The total cathodic charge passed and the total anodic charge passed for the anodic switching potentials of -0.75 V vs. SCE (figure 4.5) looks similar which may suggest that the oxide produced during the anodic sweep is completely reduced during the cathodic sweep. This similarity in the cathodic and anodic charges passed was observed for every cycle, which would suggest that when cycled up to an anodic potential of -0.75 V vs. SCE, the electrochemical reactions are reversible. It was observed that after the first cycle, the anodic peak, at -0.82 V vs. SCE, significantly increases in intensity while the intensity of the cathodic peak only increases slightly (table 4.1). The anodic peak also shifts slightly shifts in potential from -0.82 V to -0.84 V vs. SCE (table 4.1).
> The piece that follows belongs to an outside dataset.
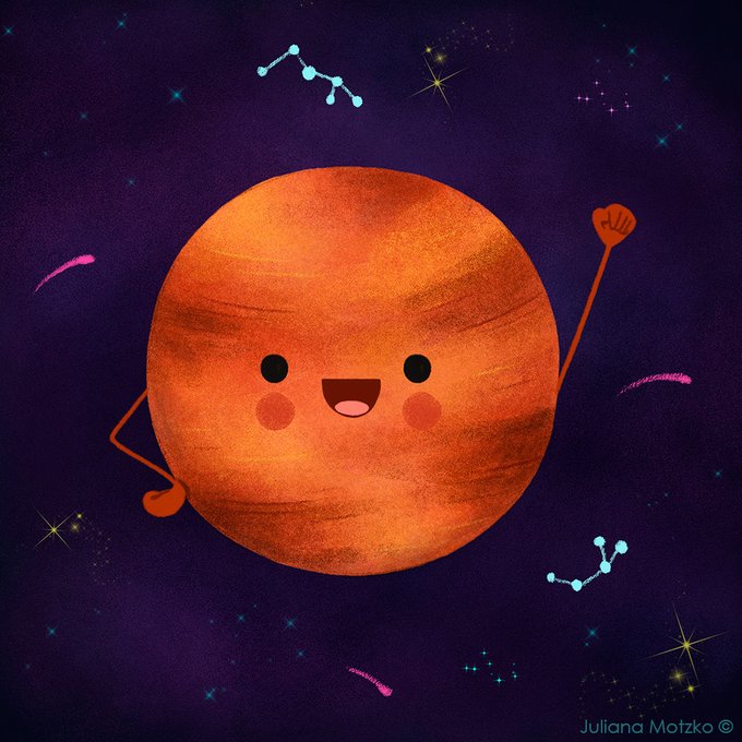 Mars. The Planet of courage, action and confidence. #Mars #Astrology #CuteUniverse #Universe #Planets #Space #Childrenspublishing #childrenillustration #digitaldrawing #art #nursery #cute #science #babylitart #kidlitart #kidlitartist #illustration #illustrator #JulianaMotzko

The total cathodic charge passed and the total anodic charge passed for the anodic switching potentials of -0.5 V vs. SCE (figure 4.6) looks similar in the first cycle. However, the anodic charge passed significantly increased after the first cycle while the cathodic charge passed stayed constant.

In addition a slight shoulder appeared between the two oxidation peaks, which would suggest that an additional oxidation reaction occured after the first cycle.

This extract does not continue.